→ **Exercise**: Transcribe all the lines below exactly. Omit the pictures.

→ **Source material**:
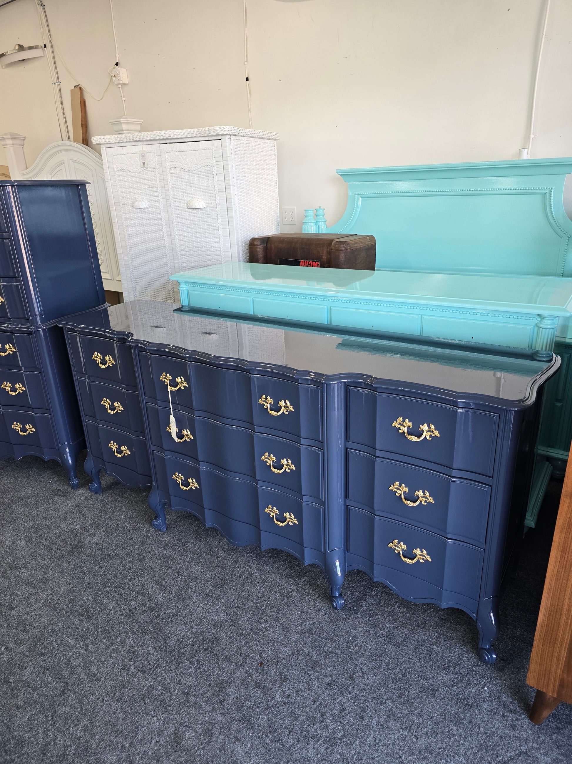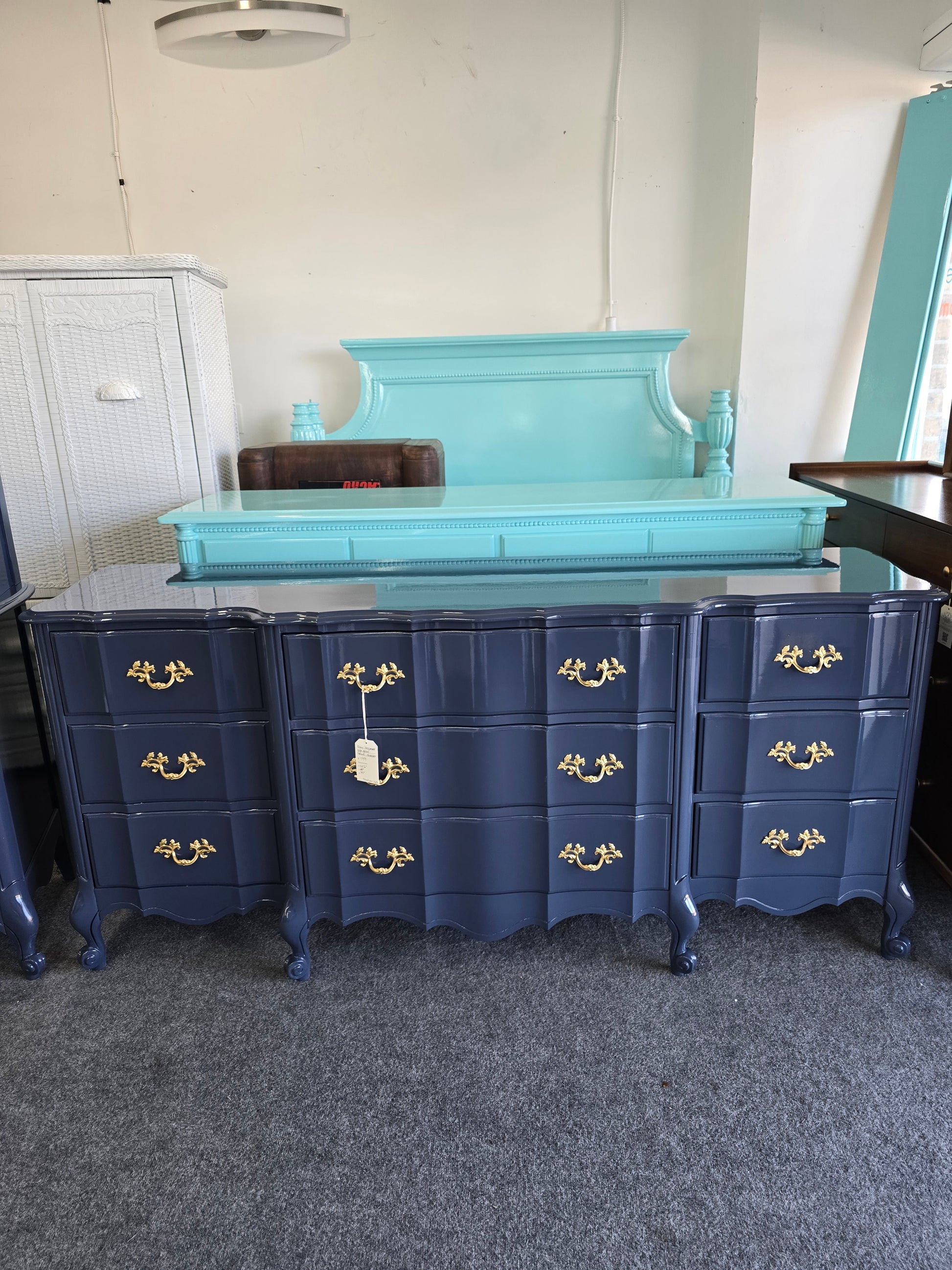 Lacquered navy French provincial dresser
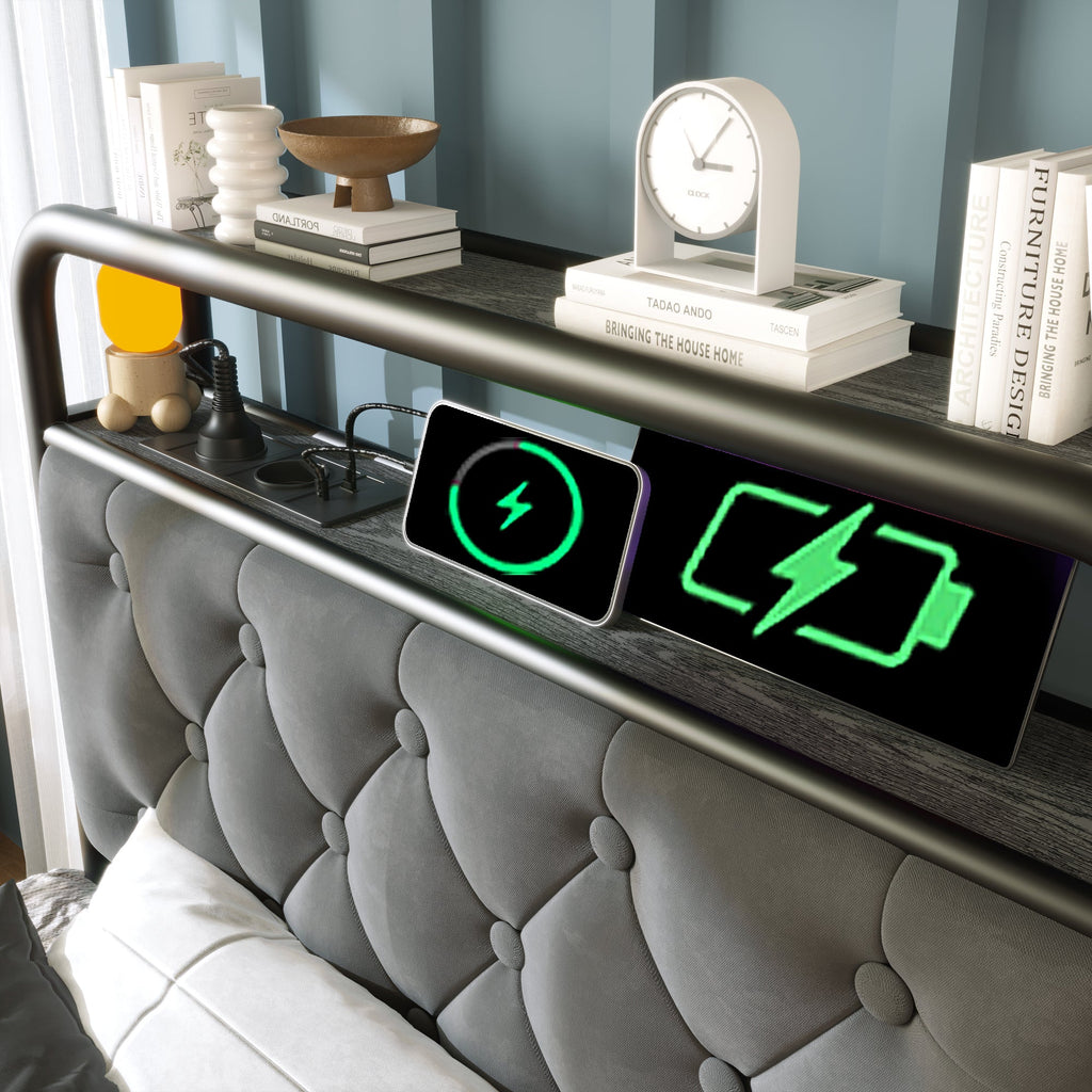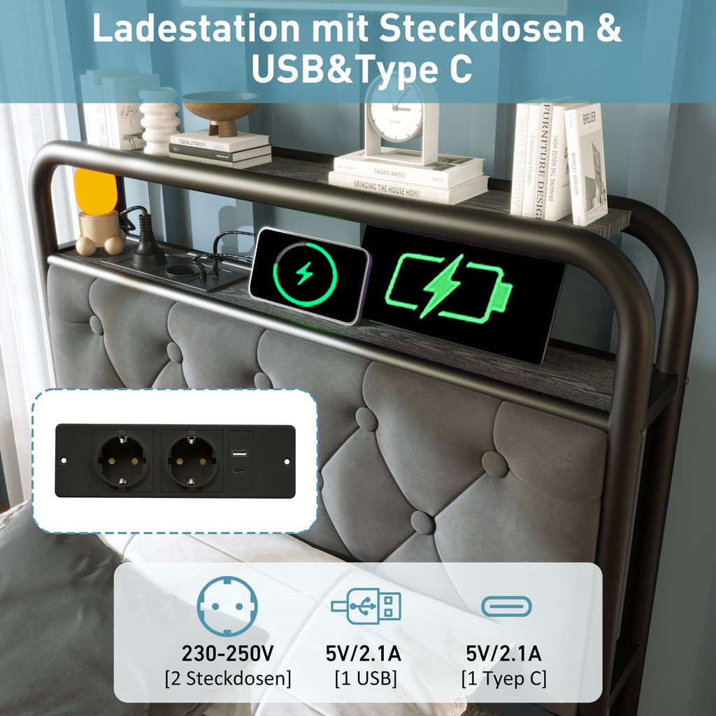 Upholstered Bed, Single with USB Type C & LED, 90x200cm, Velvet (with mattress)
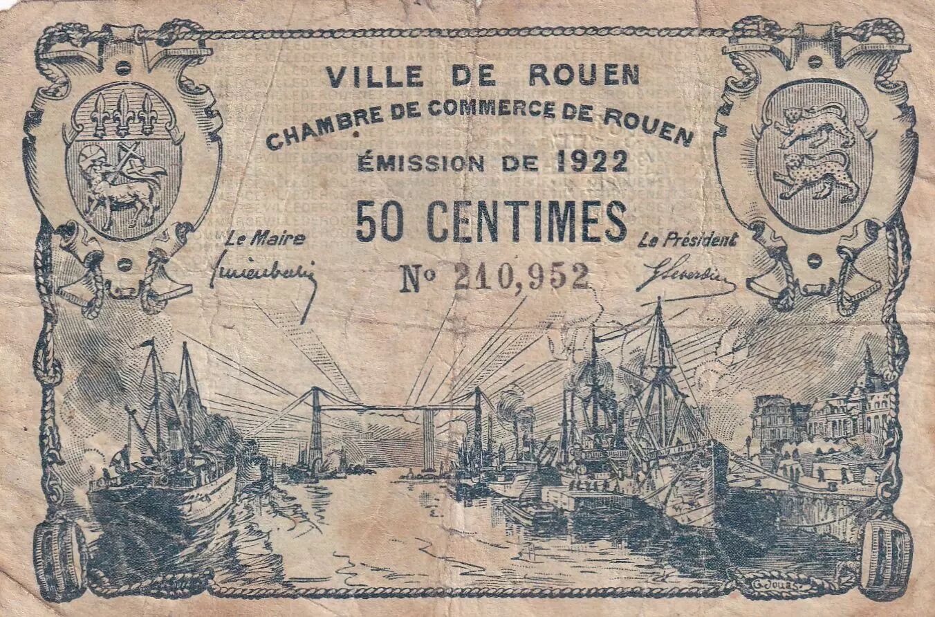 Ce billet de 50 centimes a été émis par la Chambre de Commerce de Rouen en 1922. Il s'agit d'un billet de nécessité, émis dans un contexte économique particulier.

→ **Answer for this exercise**:
 Lacquered navy French provincial dresser
 Upholstered Bed, Single with USB Type C & LED, 90x200cm, Velvet (with mattress)
 Ce billet de 50 centimes a été émis par la Chambre de Commerce de Rouen en 1922. Il s'agit d'un billet de nécessité, émis dans un contexte économique particulier.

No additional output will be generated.